Conclusions: Quantitative DWI and DCE-MRI are feasible imaging methods in the pre- and early (within 72 hours) post-SRS evaluation of brain metastases. DWI- and DCE-MRI-derived parameters demonstrated physiologic changes (tumor cellularity and vascularity) and offer potentially useful biomarkers that can predict treatment response. This allows for initiation of alternate therapies within an effective time window that may help prevent disease progression.

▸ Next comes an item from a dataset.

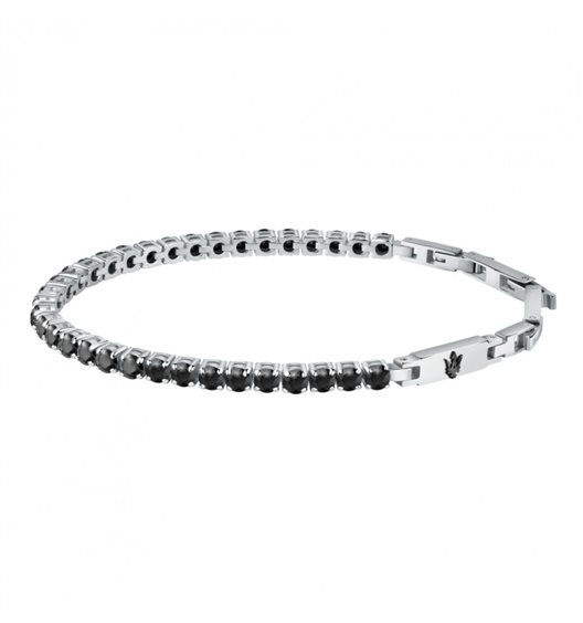 Bracciale da uomo di maserati. Gioiello realizzato in acciaio con zirconi neri. Lunghezza: 22 cm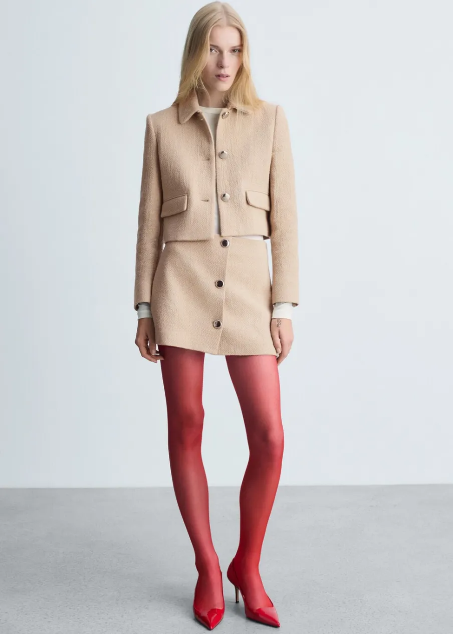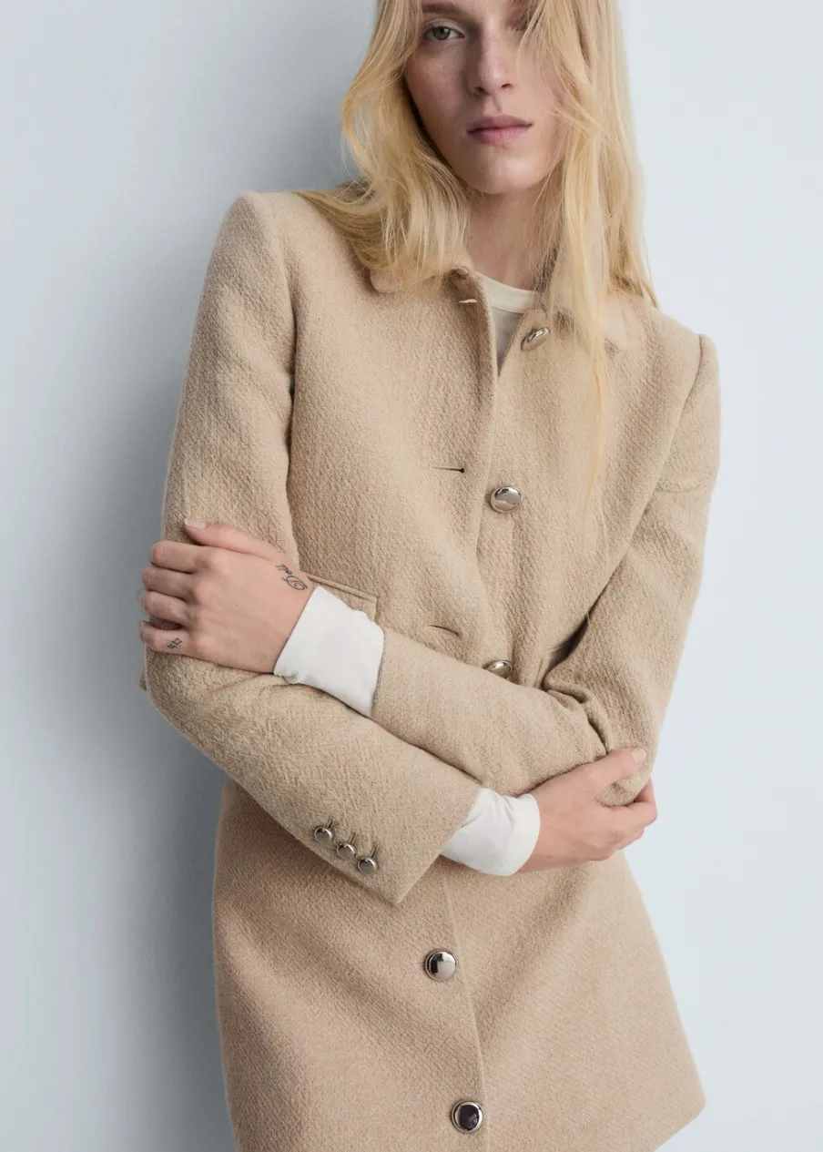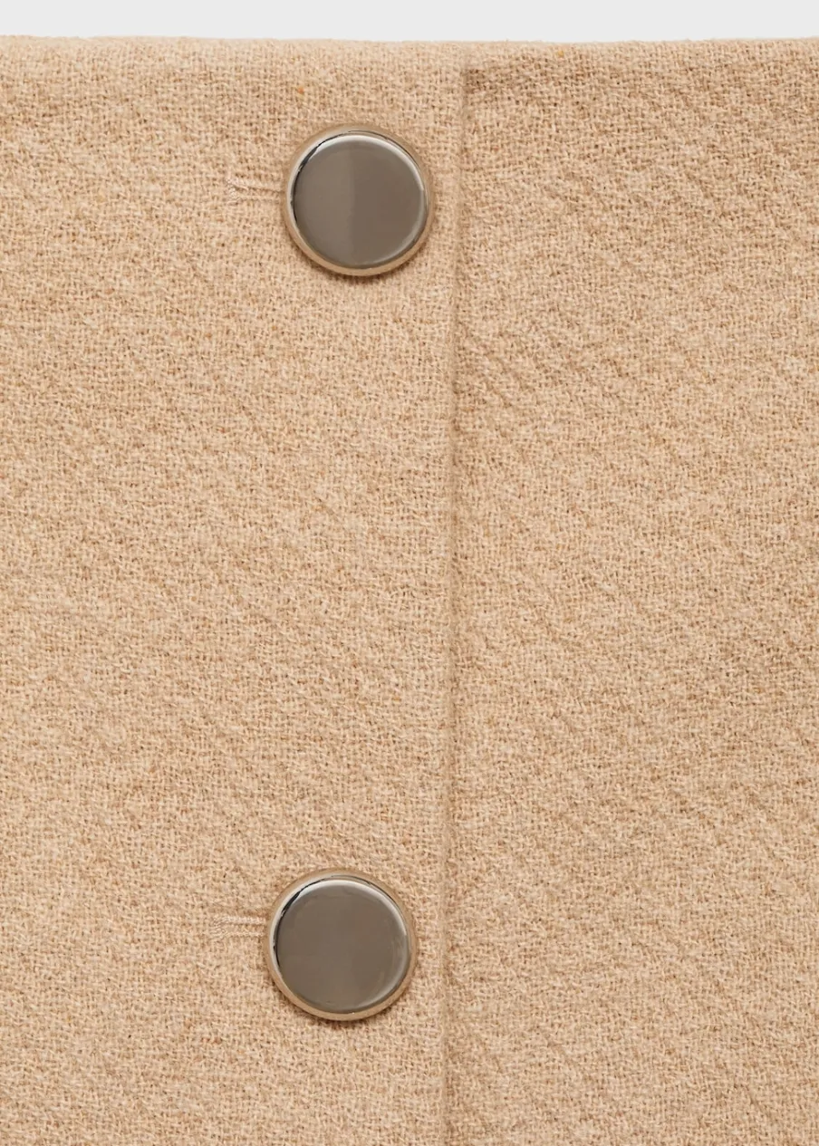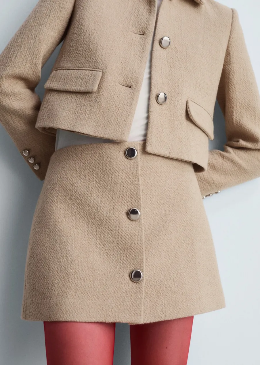 Bekevert pamut anyag, oldalt záródik, könnyű anyag, csak bélésanyag, rövid szabás, egyenes szabású modell, hátul rejtett cipzárral, dekoratív gombok, total look, a modell 1,78 cm magas és S/36 méretet visel.

Keywords: Brain metastases; DCE-MRI; DWI; stereotactic radiosurgery; treatment response.

Figure 1.

Representative pre- and early post-SRS MR images from an 80-year-old female with right occipital lobe brain metastasis that eventually demonstrated PD on follow-up. Top panel: The yellow rectangle surrounds the metastatic lesion on the pre-SRS DWI (b=0 s/mm²) image. Diffusion coefficient (D) (× 10⁻³ mm²/s), pseudo-diffusion coefficient (D*) (× 10⁻³ mm²/s), and perfusion fraction (f) maps are zoomed in at the locations of the regions of interest (ROIs). The lesion volume was unchanged within 72 hours of SRS. Bottom panel: The yellow rectangle surrounds the metastatic lesion on the pre-SRS T1-postcontrast image. K^trans (min⁻¹), volume fraction of extracellular extravascular space (v_e), and vascular volume (v_p) maps are zoomed in at the locations of the ROIs.

Figure 2.

Representative pre-SRS and early post-SRS MR images from a 51-year-old female with right frontal lobe metastasis that eventually demonstrated CR on follow-up. Top panel: The yellow rectangle surrounds the metastatic lesion on pre-SRS diffusion weighted (b=0 s/mm²) image. Diffusion coefficient (D) (×10⁻³ mm²/s), pseudo-diffusion coefficient (D*) (×10⁻³ mm²/s), and perfusion fraction (f) maps are zoomed at the locations of regions of interests (ROIs). The lesion volume was reduced on early post-SRS imaging. Bottom panel: The yellow rectangle surrounds the metastatic lesion on pre-SRS T1-postcontrast image. K^trans (min⁻¹), volume fraction of extracellular extravascular space (v_e), and vascular volume (v_p) maps are zoomed at the locations of ROIs.

Figure 3.

ROC curves for post-SRS f mean and median and D* and pre-SRS v_e median and k_trans mean and median. The area under the curve (AUC) for post-SRS perfusion fraction (f) mean, f median, and pseudo-diffusion coefficient (D*) mean, and pre-SRS Ktrans mean, Ktrans median, and volume fraction of extracellular extravascular space (ve) median was 0.88, 0.93, 0.84, 0.79, 0.85, and 0.78 respectively.

Figure 4.

Univariate analysis of DWI and DCE-MRI metrics using WRST and comparison of DWI and DCE-MRI metrics pre- and post-SRS using WSRT. Lesions that progressed had a higher perfusion fraction (f) mean and median than those that did not (0.416 vs. 0.336, q = 0.041; 0.500 vs. 0.358, q = 0.033 respectively). Lesions that responded to SRS had a lower pre-SRS k_trans mean, k_trans median, and v_e median than those that did not (0.044 vs. 0.093, q = 0.041; 0.032 vs 0.080, q = 0.033; 0.089 vs. 0.181, q = 0.041 respectively). ADC mean and median trended higher in lesions post-SRS than pre-SRS (p = 0.0522 and 0.065 respectively). V_p was lower in lesions post-SRS than pre-SRS (p=0.009). ADC, apparent diffusion coefficient. K^trans, index of tumor vascular permeability. V_e, volume fraction of extracellular extravascular space. V_p, vascular volume.